Di kampung saya, sedekah padi biasanya dilakukan seminggu atau maksimal tiga hari sebelum hari panen padi tiba. Tidak tahu asal-usulnya dari mana, tapi mungkin sudah menjadi  bagian dari kearifan lokal di desa saya. Kebanyakan orang akan datang ke sawahnya (biasanya sore menjelang maghrib) untuk menaruh jajanan tersebut serta dibakarnya kemenyan. Mungkin itu semacam mitos yang dipercaya oleh masyarakat agar hasil panen menjadi berkah dan melimpah.
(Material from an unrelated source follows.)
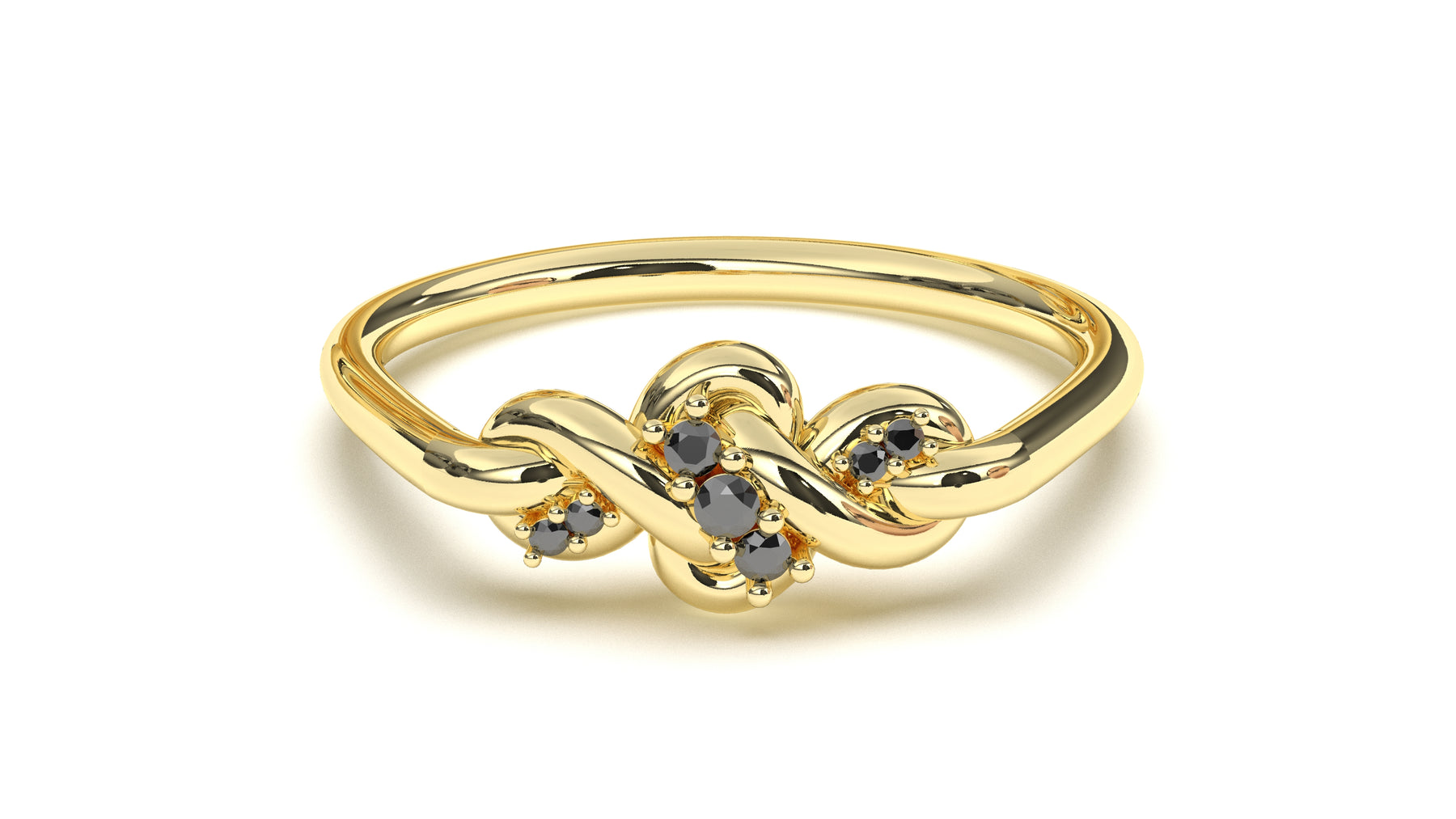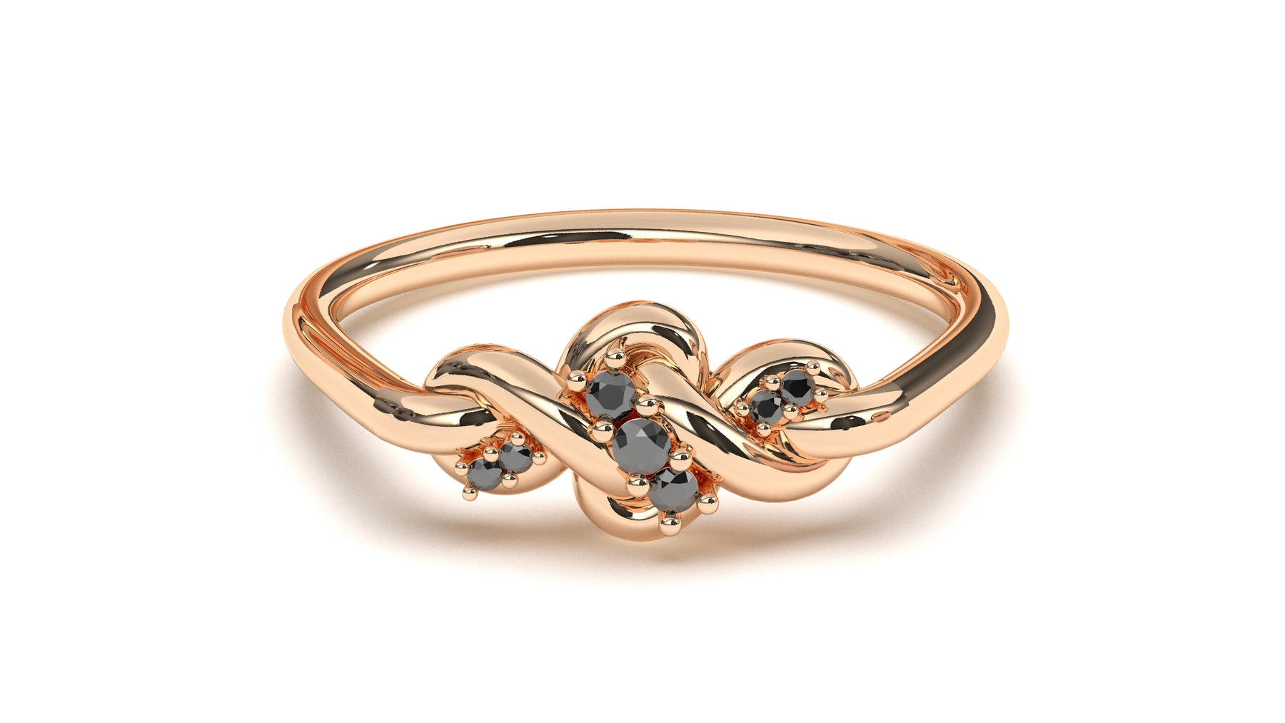 Braid Style Ring Encrusted with Round Black Diamonds | Knots Twist V

Terlepas dari mitos ataupun tidak, hal tersebut merupakan kearifan lokal masyarakat dalam menghargai hasil bumi  yang Tuhan berikan.

Waktu merenggut segalanya, ketika zaman sudah semakin berkembang maju. Modernitas akhirnya pelan-pelan menimbun kearifan lokal yang ada di desa kami dan mungkin juga di banyak daerah. Saya sudah tak lagi melihat kakek-kakek yang mengendarai sepeda ontel membawa jajanan pasar ke sawah menjelang maghrib. Begitu juga saya tak melihat anak-anak yang berburu jajanan tersebut ke sawah. Mungkin mereka sudah tak mengenal kearifan lokal tersebut. Mereka lebih sibuk pada gawai yang di dalamnya terdapat banyak game online  yang mungkin bagi mereka lebih menyenangkan.
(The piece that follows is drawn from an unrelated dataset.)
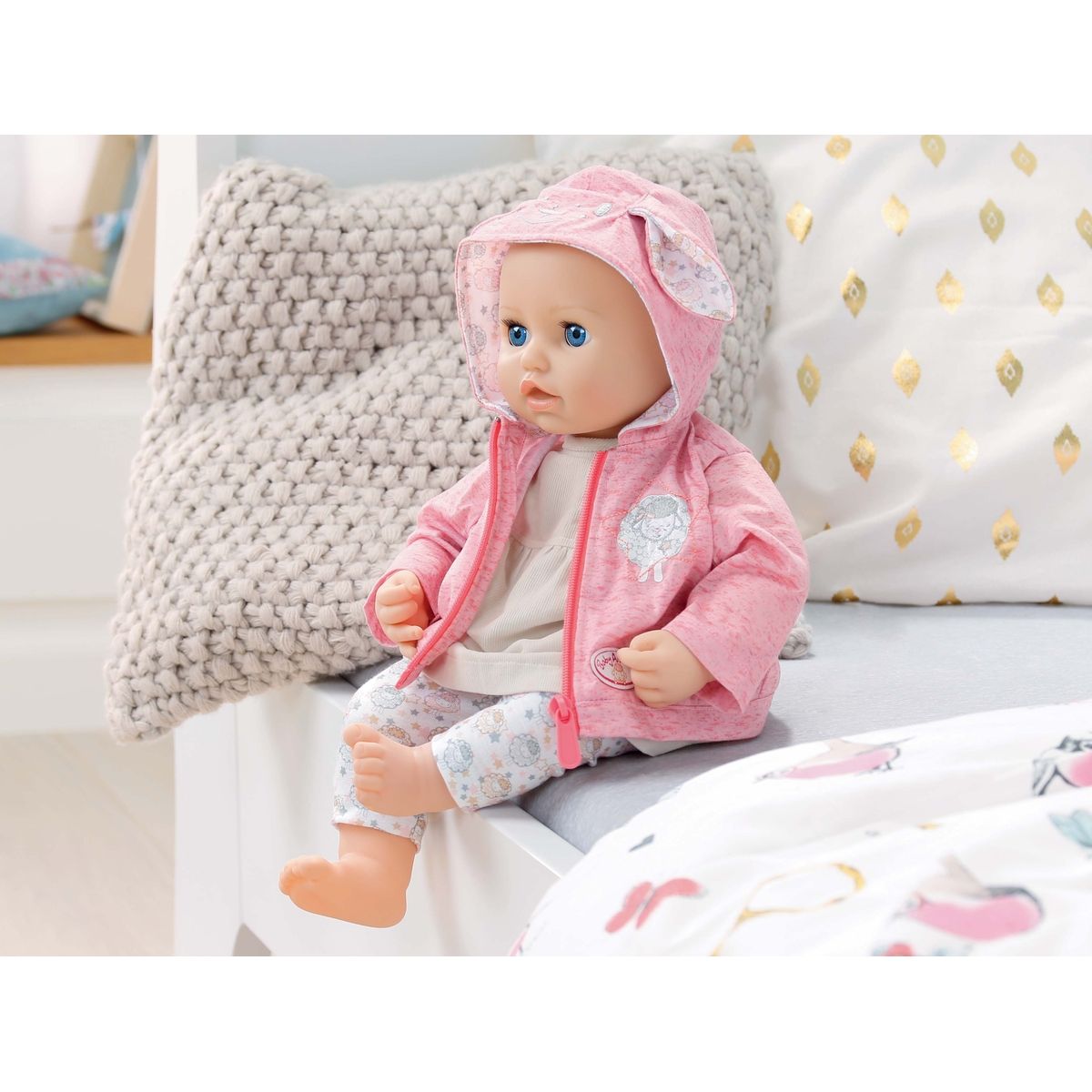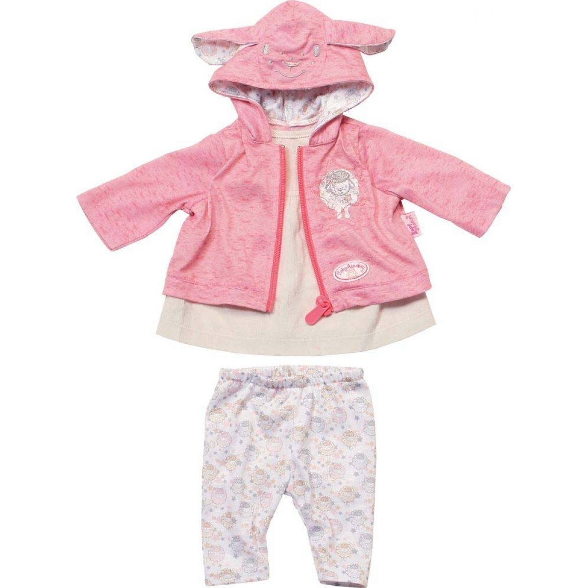 Příjemně pohodlná souprava pro panenky Baby Annabell. Souprava obsahuje barevné legíny s potiskem oveček a mikinou s potiskem ovečky s kapucou nebo bez kapuci.

Ada yang hilang dari sebuah zaman. Bukan hanya kearifan lokal sedekah padi, tapi juga kesadaran bahwa berharganya bumi. Hilangnya kesadaran itu bersamaan dengan modernitas yang semakin melaju kencang. Lantas lupa terhadap bumi tempat manusia hidup di dalamnya. Dunia seakan teralihkan ke dalam dunia maya. Tapi begitulah kenyataan hari ini, akhirnya dunia digemparkan oleh isu krisis ekologis yang semakin hari semakin memprihatinkan. Alih-alih menghargai bumi dengan cara sedekah padi atau sedekah bumi, manusia modern justru merusak bumi dengan tanpa merasa bersalah. Akhirnya terjadilah penimbunan sampah, eksploitasi alam secara berlebihan, polusi udara, krisis iklim dan sebagainya.

Mengatasi hal tersebut tentu saja tidak mudah. Artinya di tengah krisis ekologis, kita tetap dipaksa untuk mengikuti perkembangan zaman. Kita tak dapat menolak hal itu. Tapi yang menjadi persoalan adalah bagaimana kesadaran manusia  akan pentingnya menjaga bumi agar tetap sehat dan ramah lingkungan yang menjadi  tugas bersama. Karena teknologi telah menjadi alat utama dalam eksploitasi bumi secara berlebihan. Meskipun kesalahan tidak sepenuhnya terdapat dalam teknologi yang justru hal itu menandakan kemajuan berpikir manusia, tapi yang memprihatinkan kesadaran manusia yang ikut terenggut di dalamnya.

Bersamaan dengan itu, banyak orang yang menganggap bahwa alam atau bumi adalah sesuatu yang eksternal dari diri manusia. Tanah, air, batu, pohon, hewan seolah-olah tak pernah berkontribusi pada kelangsungan hidup manusia. Padahal manusia tak bisa hidup tanpa menghirup oksigen yang dihasilkan dari pepohonan. Dengan paradigma eksternal tersebut yang kemudian membuat manusia kehilangan kesadaran dan mengeksploitasi alam secara berlebihan.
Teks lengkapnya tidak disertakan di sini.